Accessibility Enhancement
Create audio versions of text content:
- A content submission form collects article text.
- Text to Speech converts the article to an audio file.
- The audio file is attached to the content record for accessibility compliance.
Podcast Generation
Automate podcast episode creation:
- A content creator submits a script through a form.

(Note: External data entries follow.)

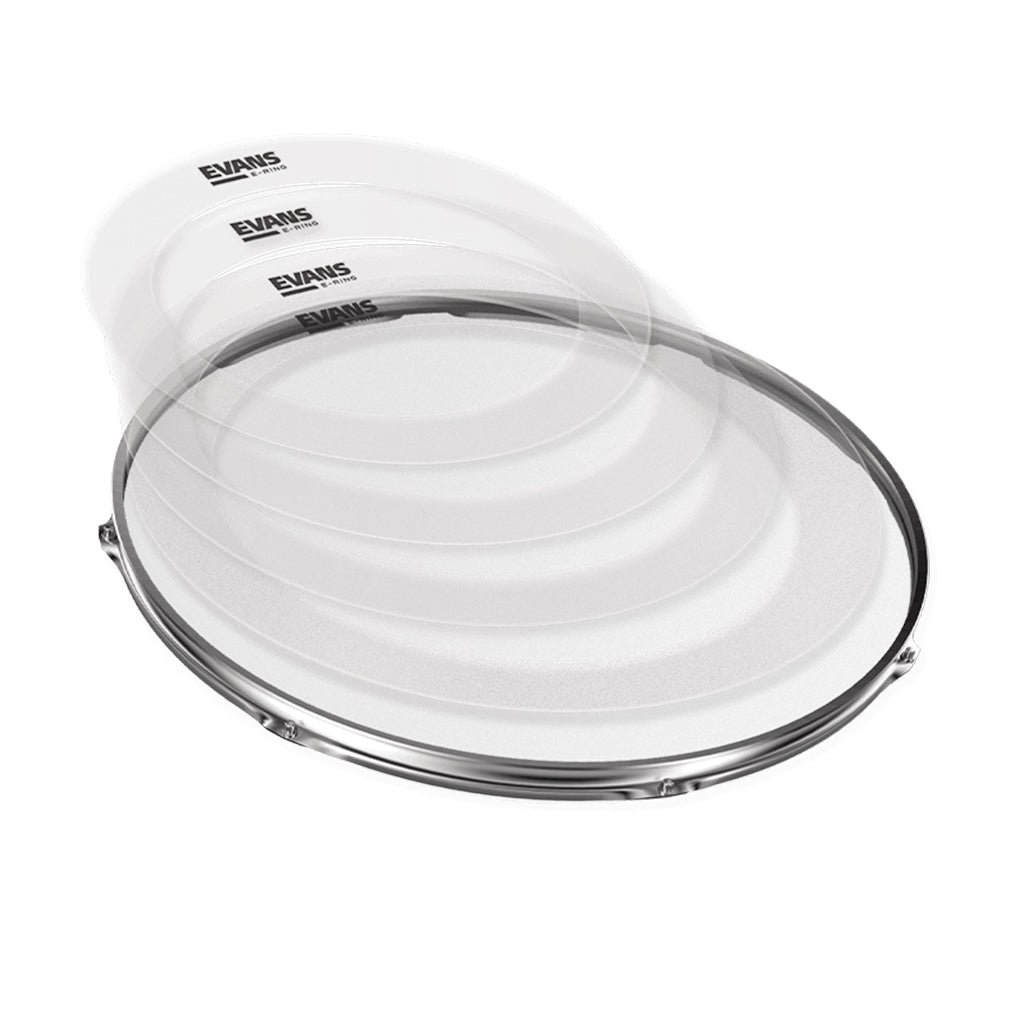 The Evans E-Ring Packs contains easy-to-use external overtone control rings that float on the surface of a drumhead to remove overtones and flattens the drumhead's sound, allowing for easier tuning.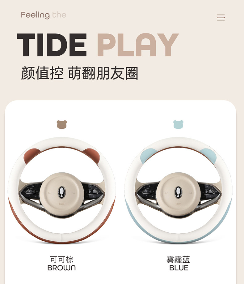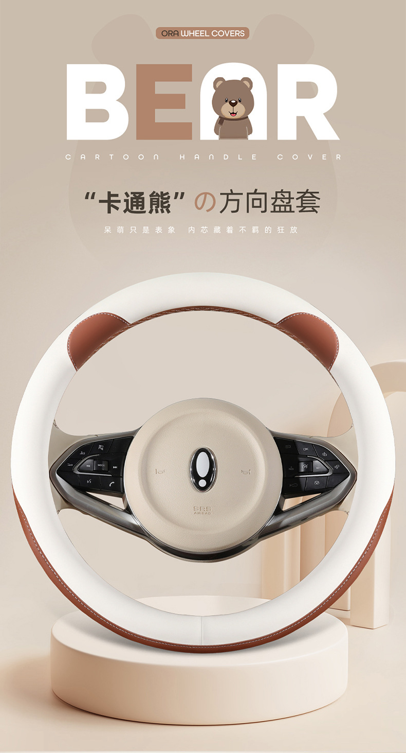 자동차 핸들 커버 사계절 유니버설 오일러 굿 캣 자동차 핸들 커버 인테리어 개조 내마모성 미끄럼 방지 가죽 보호 커버스토어 가기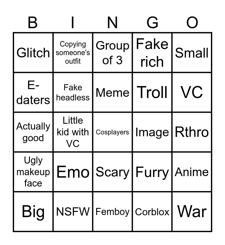 This bingo card has a free space and 24 words: Emo, NSFW, Meme, Big, Small, Glitch, E-daters, Copying someone's outfit, Image, Scary, Troll, Actually good, Furry, Anime, Fake headless, Corblox, Rthro, Group of 3, VC, Little kid with VC, War, Ugly makeup face, Fake rich and Femboy.

- Text to Speech generates the audio narration.
- The audio file is stored in Google Drive and linked in a Notion database.
- A notification is sent to the production team for final review.
Interactive Voice Notifications
Create voice messages for notification workflows:
- A monitoring form triggers when certain conditions are met.
- An Agent node drafts a voice notification message.
- Text to Speech converts it to audio.
- The audio is delivered via a webhook to a phone system or notification service.
Language Learning Content
Generate pronunciation guides:
- A vocabulary form collects words and phrases in a target language.
- Text to Speech generates audio for each word using an appropriate voice.
- Audio files are stored and linked to the vocabulary list.
- Learners access audio alongside written content.
Multi-Language Support
Generate audio in multiple languages:
- A form collects content and a target language selection.
- An Agent node translates the content if needed.
- Text to Speech generates audio in the target language using an appropriate voice.
- The audio URL is included in the localized response.
Provider Comparison
| Feature | OpenAI | ElevenLabs |
|---|---|---|
| Voice count | 6 built-in | 4 built-in presets |
| Speed control | Yes (0.25x - 4.0x) | No |
| Models | 2 (TTS-1, TTS-1 HD) | 3 (Eleven v3, Multilingual v2, Turbo v2.5) |
| Output formats | MP3, WAV, OGG (Opus), FLAC | MP3 only |
| Audio quality | Good (TTS-1), Excellent (TTS-1 HD) | Excellent |
| Pricing | Per character | Per character (tier-dependent) |
| Natural sound | Good | Excellent |
Choose OpenAI when you need speed control, multiple output formats, predictable pricing, and reliable quality with simple voice selection.
Choose ElevenLabs when voice quality and naturalness are the top priority, or you need one of their specialized models.
Best Practices
- Choose the right voice early. Preview different voices with sample text before committing to a workflow. Voice characteristics significantly impact the end-user experience.
- Keep text concise. Long text inputs increase generation time, cost, and file size. Split long content into shorter segments when possible.
- Use TTS-1 for drafts and testing. Switch to TTS-1 HD for production when audio quality matters to end users.
- Test with actual content. Synthesized speech can sound different depending on content type. Test with representative text from real form submissions, not just placeholder text.
- Match voice to context. Use a professional, neutral voice (Alloy, Onyx) for business communications and a warmer voice (Echo, Nova) for customer-facing interactions.
- Store audio files. Generated audio URLs point to S3-hosted files. Use a Google Drive or file storage action node to persist important audio files if needed.
- Handle empty text. If the text field could be empty (e.g., an optional form field), add conditional logic to skip the Text to Speech node when there is nothing to convert.
Limitations
- Text length is limited by the provider. OpenAI supports up to 4096 characters per request. Longer text must be split across multiple requests.
- ElevenLabs character limits depend on your subscription tier.
- Speed control is available only with OpenAI models. ElevenLabs does not support programmatic speed adjustment.
- ElevenLabs always outputs MP3, regardless of the format selected in the configuration.
- The node generates audio from text only. It does not support audio-to-audio conversion, voice modification, or audio mixing.
- Execution is subject to a 120-second timeout.